Variation is among the most important concepts in statistics, so this is among the most important exercises. First, to reiterate the concepts intuitively, and then we will work out examples that will let us calculate variation.

Variation refers to the amount that scores vary among themselves. Intuitively, scores that are relatively close together have low measures of variation, whereas scores that are spread further apart have a larger measure of variation. The standard deviation is an especially useful measure of variation, and it is important to understand how to calculate the standard deviation and, of course, how to interpret what that calculation means. We derive the formula through a series of steps below; to begin with, think of the mean of a set of scores, something we calculated in the examples above, and the standard deviation as a measure of variation of scores around the mean. 
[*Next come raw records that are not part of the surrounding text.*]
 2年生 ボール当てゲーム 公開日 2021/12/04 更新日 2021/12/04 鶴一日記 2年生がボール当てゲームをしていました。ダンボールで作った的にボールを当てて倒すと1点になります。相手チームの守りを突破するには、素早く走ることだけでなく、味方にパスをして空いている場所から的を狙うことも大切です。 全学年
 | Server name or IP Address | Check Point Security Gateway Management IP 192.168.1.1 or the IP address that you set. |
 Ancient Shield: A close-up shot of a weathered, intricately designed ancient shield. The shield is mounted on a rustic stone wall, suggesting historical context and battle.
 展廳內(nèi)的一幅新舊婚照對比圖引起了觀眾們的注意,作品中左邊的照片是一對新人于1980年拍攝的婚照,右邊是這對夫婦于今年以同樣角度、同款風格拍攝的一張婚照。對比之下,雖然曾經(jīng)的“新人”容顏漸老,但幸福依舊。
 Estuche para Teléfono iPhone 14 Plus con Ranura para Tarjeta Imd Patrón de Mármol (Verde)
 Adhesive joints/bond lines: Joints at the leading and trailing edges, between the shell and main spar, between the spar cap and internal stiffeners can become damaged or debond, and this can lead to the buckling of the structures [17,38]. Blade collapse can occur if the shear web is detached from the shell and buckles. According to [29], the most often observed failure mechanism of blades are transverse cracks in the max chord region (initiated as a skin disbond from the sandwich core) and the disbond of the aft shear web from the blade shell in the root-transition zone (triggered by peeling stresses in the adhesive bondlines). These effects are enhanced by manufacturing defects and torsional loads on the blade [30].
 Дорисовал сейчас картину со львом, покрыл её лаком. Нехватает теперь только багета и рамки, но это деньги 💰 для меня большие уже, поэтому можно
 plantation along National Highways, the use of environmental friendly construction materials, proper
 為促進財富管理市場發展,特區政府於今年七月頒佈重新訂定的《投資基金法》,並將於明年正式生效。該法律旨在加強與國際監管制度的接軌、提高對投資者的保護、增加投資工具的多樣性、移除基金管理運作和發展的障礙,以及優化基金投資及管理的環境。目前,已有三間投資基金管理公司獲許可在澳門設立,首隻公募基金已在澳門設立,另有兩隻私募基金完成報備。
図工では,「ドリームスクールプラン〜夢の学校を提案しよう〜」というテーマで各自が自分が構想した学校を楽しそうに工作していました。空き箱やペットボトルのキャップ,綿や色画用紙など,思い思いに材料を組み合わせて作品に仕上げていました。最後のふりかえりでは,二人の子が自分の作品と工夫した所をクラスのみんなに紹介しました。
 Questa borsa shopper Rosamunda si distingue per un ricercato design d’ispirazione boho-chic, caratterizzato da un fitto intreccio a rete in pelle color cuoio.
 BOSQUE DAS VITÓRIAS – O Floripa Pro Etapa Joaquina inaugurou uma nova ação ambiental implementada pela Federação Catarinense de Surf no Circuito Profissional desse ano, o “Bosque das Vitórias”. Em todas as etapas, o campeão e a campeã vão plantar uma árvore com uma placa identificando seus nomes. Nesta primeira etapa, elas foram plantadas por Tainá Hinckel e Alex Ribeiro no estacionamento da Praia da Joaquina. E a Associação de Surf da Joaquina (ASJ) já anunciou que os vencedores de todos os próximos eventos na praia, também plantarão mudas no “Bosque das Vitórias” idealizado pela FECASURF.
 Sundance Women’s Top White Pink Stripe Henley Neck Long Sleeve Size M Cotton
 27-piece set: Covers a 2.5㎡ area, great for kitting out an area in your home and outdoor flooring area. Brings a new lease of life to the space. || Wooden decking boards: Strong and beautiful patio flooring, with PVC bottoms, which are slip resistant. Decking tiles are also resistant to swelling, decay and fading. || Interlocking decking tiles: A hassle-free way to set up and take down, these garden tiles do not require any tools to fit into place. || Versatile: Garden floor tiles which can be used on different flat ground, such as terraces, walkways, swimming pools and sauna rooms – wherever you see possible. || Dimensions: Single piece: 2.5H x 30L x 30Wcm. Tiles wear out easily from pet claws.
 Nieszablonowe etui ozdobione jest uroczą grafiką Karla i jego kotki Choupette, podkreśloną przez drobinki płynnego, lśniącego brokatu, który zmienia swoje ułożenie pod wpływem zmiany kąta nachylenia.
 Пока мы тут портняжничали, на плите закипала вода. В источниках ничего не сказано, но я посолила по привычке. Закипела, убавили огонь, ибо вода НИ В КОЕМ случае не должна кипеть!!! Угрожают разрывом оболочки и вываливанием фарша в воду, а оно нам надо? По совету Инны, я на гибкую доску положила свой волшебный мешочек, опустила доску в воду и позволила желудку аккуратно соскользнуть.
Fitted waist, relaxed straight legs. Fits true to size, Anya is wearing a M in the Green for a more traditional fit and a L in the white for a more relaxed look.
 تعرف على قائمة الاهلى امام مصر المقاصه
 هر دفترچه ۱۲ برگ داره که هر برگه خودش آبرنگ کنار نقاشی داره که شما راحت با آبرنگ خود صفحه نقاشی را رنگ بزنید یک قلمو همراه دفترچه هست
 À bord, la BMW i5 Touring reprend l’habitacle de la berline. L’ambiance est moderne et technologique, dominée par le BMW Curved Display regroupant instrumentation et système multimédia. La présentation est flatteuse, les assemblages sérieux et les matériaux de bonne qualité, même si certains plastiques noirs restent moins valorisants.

Like the mean, standard deviation has a numpy function available. However, let's avoid using that this time in order to understand what goes into the calculation of the standard deviation! Remember: "root mean square of deviations from average"

In [None]:
# Find the standard deviation of principal_age
# First, find the mean:
principal_mean = ...

# Next, create an array of all the ages minus the mean ("deviations")
principal_deviations = ...

#Next, square the deviations:
principal_squared = ...

#Find the average of the squared deviations ("variance"):
principal_variance = ...

#Take the square root to get to the standard deviation.
principal_std = ...
principal_std

In [None]:
# Compare your result to what numpy gives you. If they're different, what Python quirk could be causing this?
np.std(principal_age)

Now, the same process for the age of the first child.

In [None]:
# Find the standard deviation of child_age
# First, find the mean:
child_mean = ...

# Next, create an array of all the ages minus the mean ("deviations")
child_deviations = ...

#Next, square the deviations:
child_squared = ...

#Find the average of the squared deviations ("variance"):
child_variance = ...

#Take the square root to get to the standard deviation.
child_std = ...
child_std

In [None]:
#Again, compare your result:
np.std(child_age)

How would you compare the two standard deviations? How do these compare to the standard deviation calculated in the textbook, with height data, a similar type of variable as age?

Exercises:

/1/ Using the formula for the textbook for Chebychev's inequality -- the proportion in the range “average ± 2 SDs” is at least 1 - 1/4 = 0.75; the proportion in the range “average ± 3 SDs” is at least 1 - 1/9 ≈ 0.89 – would you say that this is insightful for the type of values we looked at in the examples above? Do we learn more about sales or about age? Put differently, what do we learn about the sales with information on the age of the principle slave, and what do we do with all those 99s?

/2/ Pick a variable of interest that we have not explored together, and calculate the mean, median and standard deviation. Calculate the so-called z-score using the formula from the textbook, and consider what the score tells you. 


In [None]:
# Begin exercises here, feel free to use as many cells as you find useful.